> **EXERCISE DIRECTIONS**
Starting at the line that contains "Modern and organic", return every line through the end of the data exactly, without pictures.

Records drawn from a dataset
----
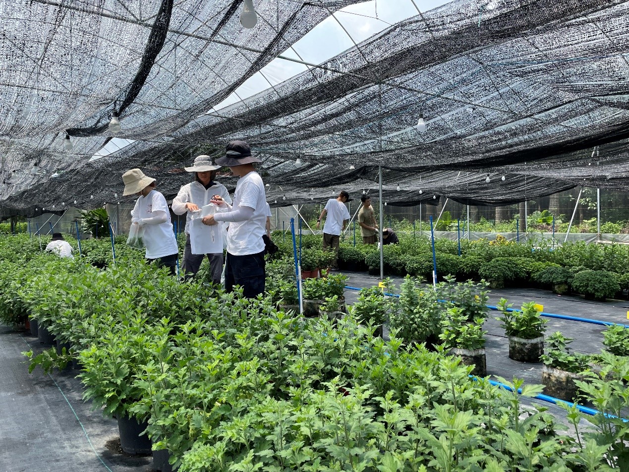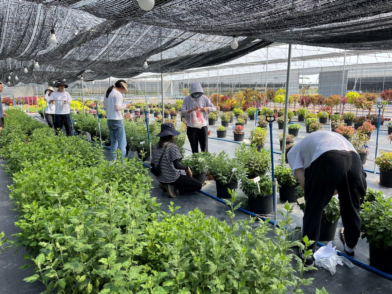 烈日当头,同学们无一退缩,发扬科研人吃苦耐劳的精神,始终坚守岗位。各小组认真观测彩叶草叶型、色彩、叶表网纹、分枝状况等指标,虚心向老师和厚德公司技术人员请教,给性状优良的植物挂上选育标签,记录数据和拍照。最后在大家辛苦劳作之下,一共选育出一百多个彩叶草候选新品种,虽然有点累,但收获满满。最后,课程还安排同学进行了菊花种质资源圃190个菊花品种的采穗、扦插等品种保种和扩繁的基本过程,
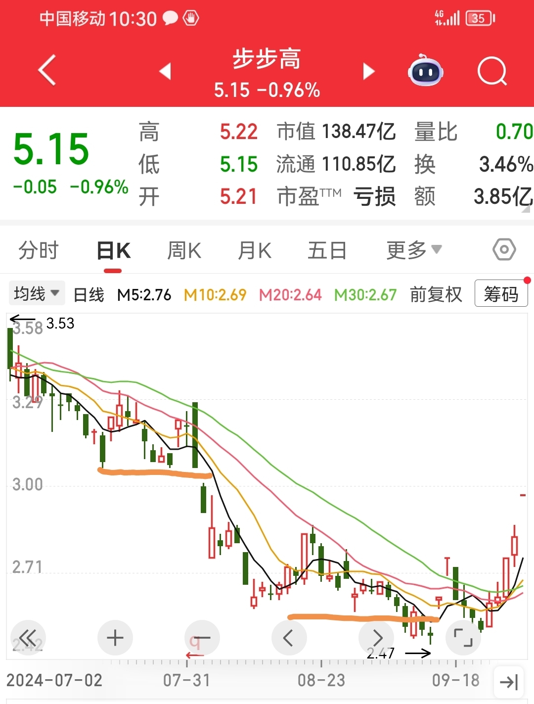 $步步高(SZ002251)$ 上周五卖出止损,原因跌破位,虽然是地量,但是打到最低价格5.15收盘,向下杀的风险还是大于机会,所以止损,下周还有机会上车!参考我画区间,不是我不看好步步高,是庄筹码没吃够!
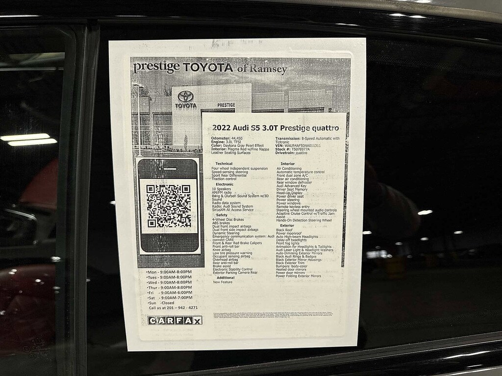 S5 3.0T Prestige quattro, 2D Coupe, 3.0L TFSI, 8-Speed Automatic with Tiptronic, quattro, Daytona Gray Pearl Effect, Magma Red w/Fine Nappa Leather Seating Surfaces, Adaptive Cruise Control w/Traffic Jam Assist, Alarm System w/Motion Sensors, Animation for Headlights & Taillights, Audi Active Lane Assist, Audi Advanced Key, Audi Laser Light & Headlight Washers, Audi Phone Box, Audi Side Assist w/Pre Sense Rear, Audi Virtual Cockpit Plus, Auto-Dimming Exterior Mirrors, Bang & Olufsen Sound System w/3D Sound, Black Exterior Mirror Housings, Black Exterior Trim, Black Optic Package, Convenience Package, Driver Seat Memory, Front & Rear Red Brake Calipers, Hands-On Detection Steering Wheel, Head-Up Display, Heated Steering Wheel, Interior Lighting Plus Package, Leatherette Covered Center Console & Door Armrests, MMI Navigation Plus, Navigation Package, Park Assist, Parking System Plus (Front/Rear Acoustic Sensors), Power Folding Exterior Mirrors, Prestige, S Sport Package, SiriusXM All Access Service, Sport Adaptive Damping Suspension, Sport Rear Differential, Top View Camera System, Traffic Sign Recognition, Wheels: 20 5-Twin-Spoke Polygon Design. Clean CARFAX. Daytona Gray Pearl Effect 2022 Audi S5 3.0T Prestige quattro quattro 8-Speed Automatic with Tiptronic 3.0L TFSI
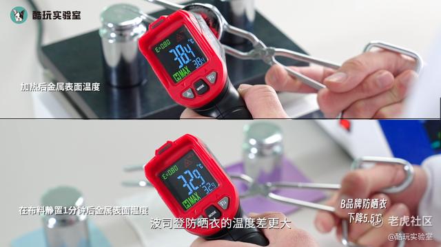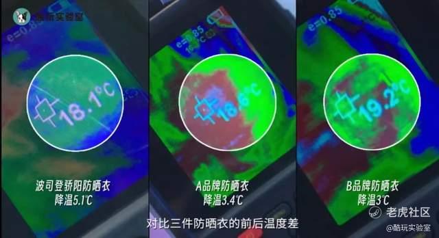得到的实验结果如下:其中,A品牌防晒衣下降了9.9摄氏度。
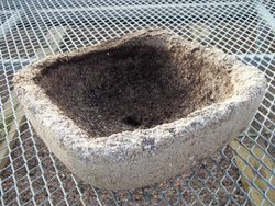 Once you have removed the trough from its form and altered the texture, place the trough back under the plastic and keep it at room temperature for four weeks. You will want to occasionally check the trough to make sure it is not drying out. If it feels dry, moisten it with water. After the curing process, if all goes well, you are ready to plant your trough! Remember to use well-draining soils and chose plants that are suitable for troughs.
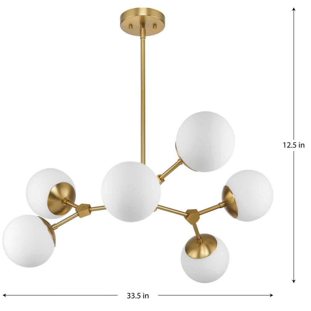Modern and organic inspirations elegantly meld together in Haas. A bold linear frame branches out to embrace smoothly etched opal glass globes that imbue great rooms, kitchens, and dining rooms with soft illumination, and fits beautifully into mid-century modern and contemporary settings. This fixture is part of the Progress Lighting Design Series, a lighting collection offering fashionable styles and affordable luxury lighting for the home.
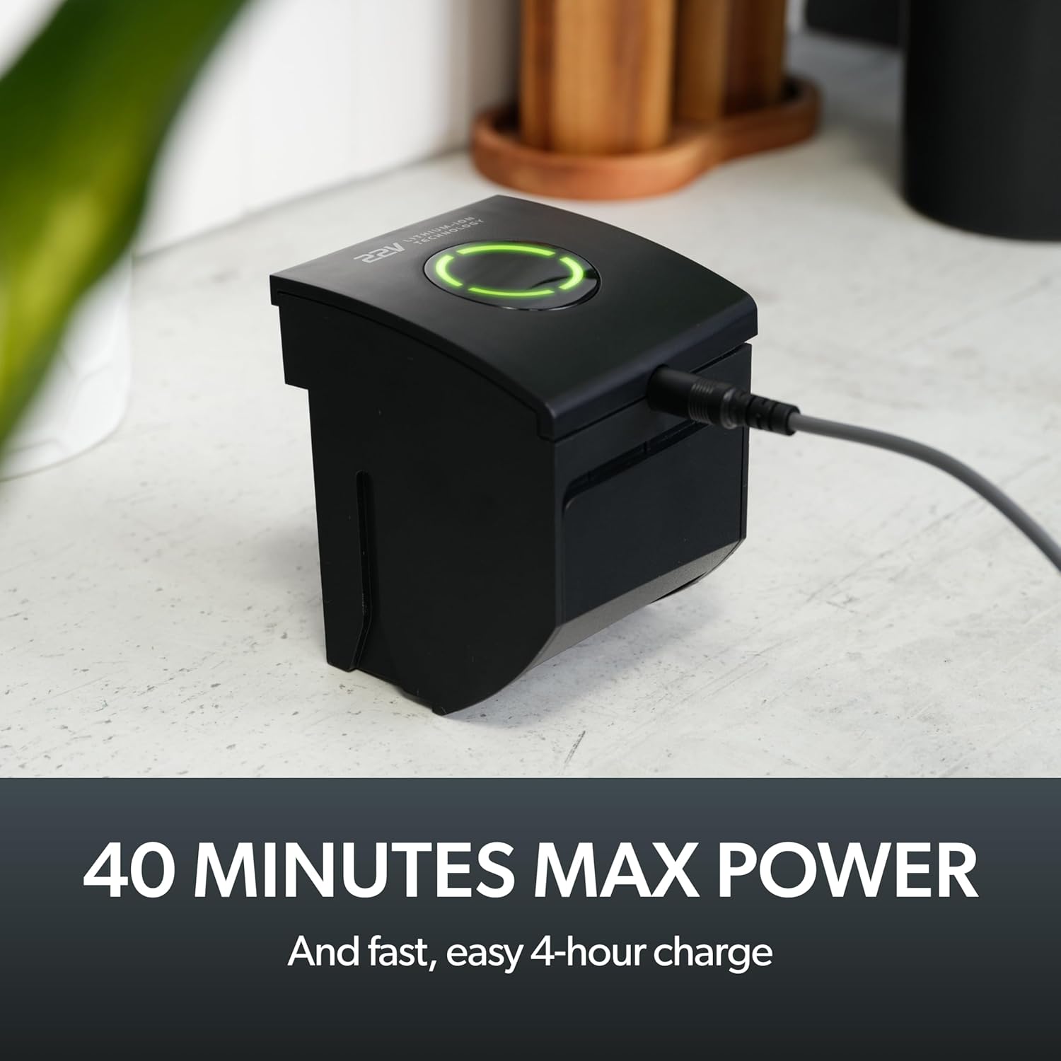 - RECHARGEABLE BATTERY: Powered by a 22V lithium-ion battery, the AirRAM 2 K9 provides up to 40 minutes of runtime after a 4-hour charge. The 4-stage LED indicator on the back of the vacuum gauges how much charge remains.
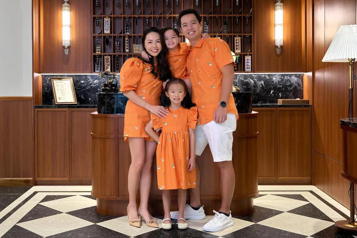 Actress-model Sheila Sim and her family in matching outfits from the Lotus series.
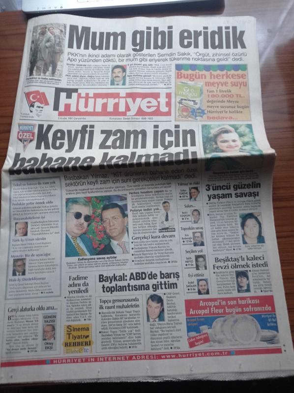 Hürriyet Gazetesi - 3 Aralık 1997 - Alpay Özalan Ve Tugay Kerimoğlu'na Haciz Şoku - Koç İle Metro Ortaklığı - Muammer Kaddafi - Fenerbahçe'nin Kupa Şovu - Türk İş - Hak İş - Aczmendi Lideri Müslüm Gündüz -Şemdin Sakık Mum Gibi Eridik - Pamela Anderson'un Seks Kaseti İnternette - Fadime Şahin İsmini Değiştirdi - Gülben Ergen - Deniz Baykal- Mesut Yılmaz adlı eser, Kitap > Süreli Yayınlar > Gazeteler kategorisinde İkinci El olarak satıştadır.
----
> **WRITTEN RESPONSE**
Modern and organic inspirations elegantly meld together in Haas. A bold linear frame branches out to embrace smoothly etched opal glass globes that imbue great rooms, kitchens, and dining rooms with soft illumination, and fits beautifully into mid-century modern and contemporary settings. This fixture is part of the Progress Lighting Design Series, a lighting collection offering fashionable styles and affordable luxury lighting for the home.
 - RECHARGEABLE BATTERY: Powered by a 22V lithium-ion battery, the AirRAM 2 K9 provides up to 40 minutes of runtime after a 4-hour charge. The 4-stage LED indicator on the back of the vacuum gauges how much charge remains.
 Actress-model Sheila Sim and her family in matching outfits from the Lotus series.
 Hürriyet Gazetesi - 3 Aralık 1997 - Alpay Özalan Ve Tugay Kerimoğlu'na Haciz Şoku - Koç İle Metro Ortaklığı - Muammer Kaddafi - Fenerbahçe'nin Kupa Şovu - Türk İş - Hak İş - Aczmendi Lideri Müslüm Gündüz -Şemdin Sakık Mum Gibi Eridik - Pamela Anderson'un Seks Kaseti İnternette - Fadime Şahin İsmini Değiştirdi - Gülben Ergen - Deniz Baykal- Mesut Yılmaz adlı eser, Kitap > Süreli Yayınlar > Gazeteler kategorisinde İkinci El olarak satıştadır.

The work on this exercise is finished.